Gerry Adams defamation verdict won’t have a chilling effect on journalism - and here’s why

Why did the BBC press on? Because it is an intractable bureaucracy with no respect for public money

Ex-Sinn Féin leader Gerry Adams has been awarded €100,000 in damages after a jury found that the BBC defamed him in 2016. Video: Fiachra Gallagher/Colm Keena

The defamation case between Gerry Adams and the BBC has many points of interest, legally and politically, but its implications for journalism have been vastly overstated.

The former Sinn Féin president won in Dublin’s High Court last week because the BBC broadcast a serious allegation against him in a programme that cited only one anonymous source, with no corroboration.

Every news organisation would aspire to do better than this under almost all circumstances.

Part of the BBC’s defence is that it should still have been able to broadcast the claim, aired by its Northern Ireland investigation strand Spotlight in 2016, as a matter of public interest. There are often cases where it is impossible to name sources or publish corroborating evidence. To do so might place people in danger, expose them to prosecution or breach essential promises of confidentiality.

READ MORE

Irish defamation law allows for a public-interest defence, but this has yet to be used successfully. The BBC is not alone in fearing the law is not working as intended.

If Gerry Adams wanted to put manners on the BBC, why not do it in Belfast?Opens in new window ]

Even in a matter of public interest, however, a news organisation should still demonstrate a serious allegation is more than one person’s claim. The BBC said in court it had corroboration from five other confidential sources, but it had not mentioned this in programme, to be fair to Adams. The court was unimpressed by this argument, and little wonder.

The BBC’s final defence was that there must be freedom to report on figures of historical importance and losing to Adams could create a chill factor over investigations into the Troubles. It asked the jury to make no award of damages, even if it found Spotlight’s claim to be untrue.

The best insight into how the BBC handles a mistake comes not from the insinuations of Gerry Adams but from Terry Wogan, a truly great Irishman, who after every crisis would quip: ‘Deputy heads must head roll’

Yet the judge had been clear throughout that the case was not about the Troubles. The jury was instructed to decide if Adams had rehabilitated his reputation sufficiently as a “peacemaker” after the Belfast Agreement for a 2016 allegation about a 2006 murder to damage his reputation.

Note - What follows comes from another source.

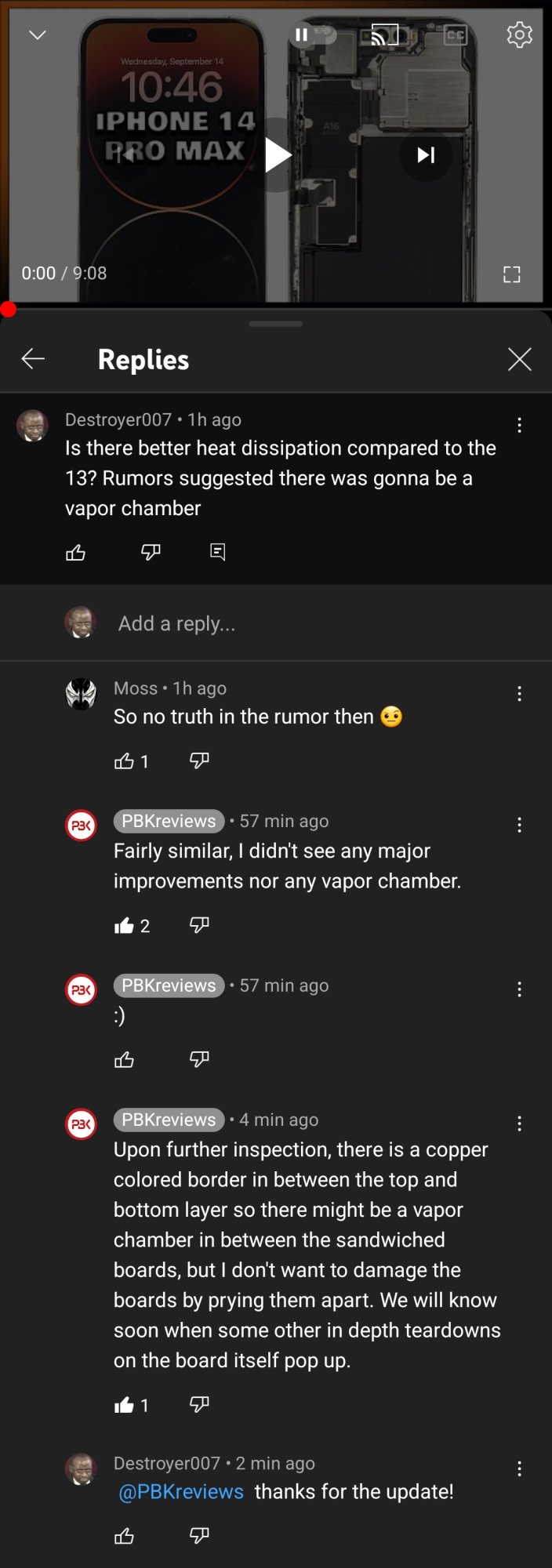 See attached image of comments in the video. May be some sort of copper suggesting a vapor chamber but we have to wait for a more in depth tear down.

The jury found it had, although its €100,000 award was on the lower end of what might have been expected. Many Troubles victims will be dismayed to hear Adams described as a peacemaker, but his Troubles reputation remains where it belongs.

Speaking outside court after the verdict, Adams said taking the case was “about putting manners on the British Broadcasting Corporation”.

Seamus Dooley, secretary of the National Union of Journalists, condemned this comment as “chilling”, as well as “unfair and unreasonable”, given Spotlight’s 40-year record of “amazing investigative journalism”.

An Amnesty report this week found Northern Ireland is the most dangerous place in the UK to be a journalist. Public figures have a responsibility not to make matters worse. However, Adams’s remark will not have made much difference to anyone: it was a familiar sort of jibe, to be enjoyed by a harmless republican audience. Only loyalists and dissident republicans pose a physical threat to the media.

Adams added he suspected the BBC had come under “direct political interference” to continue a case it could have settled years earlier with an apology.

It is only slightly facetious to suggest that Sinn Féin has already benefited enough from murky British dealings. What political motivation could there be to press on with a plainly weak case that was almost certain to work out in Adams’s favour?

The obvious explanation is by far the most likely: the BBC pressed on because it is an intractable bureaucracy with no respect for public money. Adams might be familiar with the concept of an organisation that struggles to back down.

There has been a recent, relevant demonstration of this culture within BBC Northern Ireland. In 2023, it reached a confidential settlement in an alleged bullying case with a Spotlight producer, Lena Ferguson. She received an award and costs with no admission of liability.

The BBC then issued a statement congratulating itself.

“We didn’t want to be in a lengthy dispute with Lena and are happy that we can all now move forward,” it said.

Yet the case had dragged out for four years, involving allegations dating back 20 years from Ferguson and others. The problem became serious enough to be raised in the House of Commons.

Many people in the media in Belfast feared Spotlight had become dysfunctional, with implications for the quality of its journalism. They were appalled by the BBC’s legal obstinacy towards Ferguson but hardly surprised.

The best insight into how the BBC handles a mistake comes not from the insinuations of Gerry Adams but from Terry Wogan, a truly great Irishman, who after every crisis would quip: “Deputy heads must roll.”

We may be years away from even that stage of this fiasco.